Shipboard network cables are specifically designed to cope with the complex and harsh marine environment. In terms of design and manufacturing, they need to meet stringent performance standards. To this end, the International Electrotechnical Commission (IEC) has set forth numerous standard specifications for shipboard network cables. Among them, standards such as IEC 60287 (conductor resistance), IEC 60092 (insulating materials), and ISO/IEC 11801 (impedance) have put forward detailed requirements for electrical characteristics.
In order to ensure that shipboard network cables can provide stable, fast, and reliable network connections in extreme marine environments, it is necessary to guarantee that their electrical characteristics comply with international standard specifications and various design standards.
The following will introduce several important electrical characteristics of shipboard network cables and their related requirements.
1.Conductor resistance
In shipboard network cables, the magnitude of conductor resistance mainly depends on the conductor material, cross-sectional area, cable length, and ambient temperature. When current flows through the cable, the resistance of the shipboard network cable is directly proportional to the voltage drop, and its change can affect the transmission efficiency and stability. If the conductor resistance is too high, it will reduce the stability of transmission.
The testing process of conductor resistance is as follows:
Select the network cable to be tested and cut a segment of a specified length for subsequent calculations; before testing, strip the insulation layer at both ends of the network cable to expose clean and undamaged conductors; control the ambient temperature (usually 20℃) and humidity within the standard range, and use a high-precision digital multimeter to measure the conductor resistance; after ensuring the multimeter is accurately calibrated, set it to the appropriate resistance measurement range. For thinner network cables, a low resistance range may be needed; connect the test leads to both ends of the conductor of the network cable, ensuring good contact, record the measurement result, and calculate the resistance value per unit length based on the cut length and cross-sectional area of the conductor. Take multiple measurements and calculate the average value to improve accuracy.
Through this test, the test results should be compared with the design values (for example, the conductor resistance of Category 5e network cables should not exceed 93.8Ω/km) to ensure that the resistance value meets the design standards and does not affect the efficient transmission of data even under extreme conditions.
2.Characteristic impedance
Characteristic impedance is a key electrical parameter of shipboard network cables, affecting the transmission efficiency and integrity of signals. Characteristic impedance is a frequency-dependent quantity, and in high-frequency or broadband applications, it is approximately constant. It is related to the structure of the network cable, such as the stranding method and insulating materials.
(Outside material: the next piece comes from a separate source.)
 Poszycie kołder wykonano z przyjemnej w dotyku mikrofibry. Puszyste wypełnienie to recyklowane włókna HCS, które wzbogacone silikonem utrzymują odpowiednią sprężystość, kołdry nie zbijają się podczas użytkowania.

Testing of characteristic impedance:
A vector network analyzer (VNA) is typically used to measure characteristic impedance. The VNA is used to measure the reflection coefficient, and the characteristic impedance is calculated from the reflection coefficient. Before measurement, the instrument must be calibrated, and environmental factors should be excluded, such as controlling temperature. The frequency range of the VNA’s test usually needs to cover the expected frequency range of the network cable, such as 1MHz to 1000MHz. The specific range depends on the design of the network cable.
Generally, the characteristic impedance of shipboard network cables should be maintained at 100Ω (at 100MHz) to ensure lossless signal transmission.
3.Insulation resistance
The insulation resistance of shipboard network cables is an important indicator of their insulation performance. Since they have to cope with various harsh marine environments, such as immersion in high-salinity seawater, mechanical vibrations caused by navigation, and temperature fluctuations, the requirements for the insulation resistance of shipboard network cables are much higher than those of general indoor network cables. This is to prevent current leakage and ensure safety. In fact, this is a requirement for the insulating layer, and good insulating materials, such as low-smoke zero-halogen (LSZH) materials, should be used.
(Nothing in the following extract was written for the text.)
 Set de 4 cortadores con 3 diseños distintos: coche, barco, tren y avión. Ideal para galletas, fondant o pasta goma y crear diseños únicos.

Measurement of insulation resistance:
A megohmmeter is generally used to measure insulation resistance. A higher test voltage (500V/1000V) can be applied to more accurately measure the leakage current. Before testing, the test points of the network cable should be cleaned to remove dirt and oxidation layers, reducing errors. During the measurement, the red test lead (L) of the megohmmeter is connected to the conductor of the network cable, and the black test lead (E) is connected to the shielding layer or ground wire of the network cable. Slowly rotate the handle of the megohmmeter to the specified speed (usually 120r/min), and read the resistance value after it stabilizes. After the test, a discharge process should be carried out to prevent electric shock or damage to electronic equipment.
To ensure the electrical safety and long-term reliability of the operation of shipboard network cables and prevent short circuits, the measured value of insulation resistance must meet the industry standards or the specifications of the manufacturer. Under special requirements, the insulation resistance value may need to reach a specific megaohm level.
4.Attenuation characteristics
Attenuation refers to the energy loss during the signal transmission process. It is often necessary to design with the goal of minimizing attenuation to ensure the strength and clarity of signals transmitted over long distances through shipboard network cables. Since copper has a low resistivity (approximately 1.724×10^-8 Ω·m), it helps reduce energy loss and signal attenuation during transmission, which is why copper conductors are commonly used in network cables.
Attenuation testing:
Professional network testers, such as the Fluke DTX-1800 or more advanced testing equipment, should be used. These devices can accurately measure the attenuation of the link. During the testing process, the instrument sends a series of signals at different frequencies and measures the attenuation of the signals when they reach the other end.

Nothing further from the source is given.